John Paul Stevens served as an associate justice of the Supreme Court from 1975 to 2010. This essay is excerpted from his new book, “Six Amendments: How and Why We Should Change the Constitution.”
Stevens Biography:
Nominated by President Nixon to the United States Court of Appeals for the Seventh Circuit, succeeding Elmer J. Schnackenberg, confirmed by the United States Senate on October 14, 1970; and took oath of office on November 2, 1970.
Nominated by President Ford as Associate Justice of the United States Supreme Court on December 1, 1975; confirmed by the United States Senate on December 17, 1975; and took oath of office on December 19, 1975.

Stevens on The Second Amendment:

(I'm not convinced that I agree with Justice Stevens in regards to the meaning of the Second Amendment.  He seems to believe that .. no, let me quote what he SAYS he believes):
 The Second Amendment expressly endorsed the substantive common-law rule that protected the citizen’s right (and duty) to keep and bear arms when serving in a state militia. In its decision in Heller, however, the majority interpreted the amendment as though its draftsmen were primarily motivated by an interest in protecting the common-law right of self-defense. But that common-law right is a procedural right that has always been available to the defendant in criminal proceedings in every state.
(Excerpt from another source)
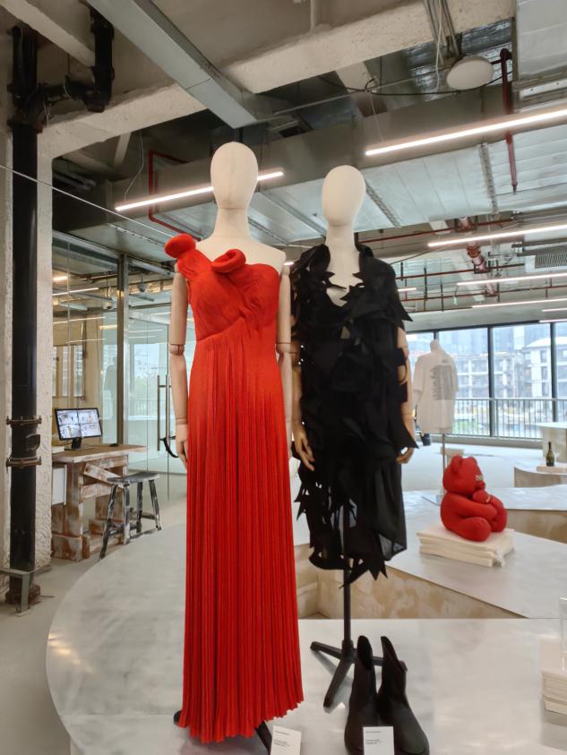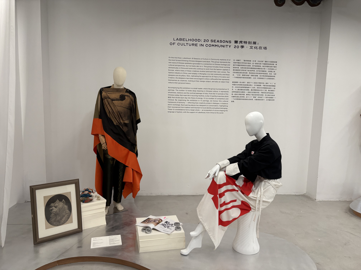 在一层的“蕾虎特别展:20季·文化在场”中,24件时装设计作品被分成十二组,并通过各自作品的两两对话,呼应中国文化中“十二”所象征的圆满与循环。参观期间,蕾虎创始人一件件介绍着设计师的创意及他们的灵感物品,从复古优雅的裙装到前卫大胆的外套,每一件都诉说着设计师们独特的创意、精湛的手工艺及与对时尚的不同诠释。由此,同学们对本土时尚又有了全新的理解,并纷纷拿出手机,拍摄记录下这些作品。

The notion that the states were concerned about possible infringement of that right by the federal government is really quite absurd.
[emphasis added]

I did not get a sense, in the original document, of how "... that common-law right is a procedural right that has always been available to the defendant in criminal proceedings in every state".

I do wish he had been more forthcoming with his reasoning.

My understanding is that American Citizens have had to deal with governmental infringements on the 2nd Amendment for .. always?  Elsewhere in the article, he cites Miller as an example, and I have to say that I am not persuaded by his casual reference as MILLER was NEVER defended in appeals court, so the decision went to the Government by default.  But still, it stands as a precedent, and must be heeded by stare decisis.

My interpretation (you are invited to debate) is that Justice Stevens does NOT believe that the Second Amendment acknowledges the right of citizens to arm themselves for the protection of their lives, their family and their property ... but only in defense of the nation and only while serving as a "member of the militia".

Here are other remarks which Justice Stevens included last year to clarify his position vis-a-vis the "anomalous " arming of civilians,  Essentially, he proposed to amend the second amendment to limit the rights of citizens to "keep and bear arms".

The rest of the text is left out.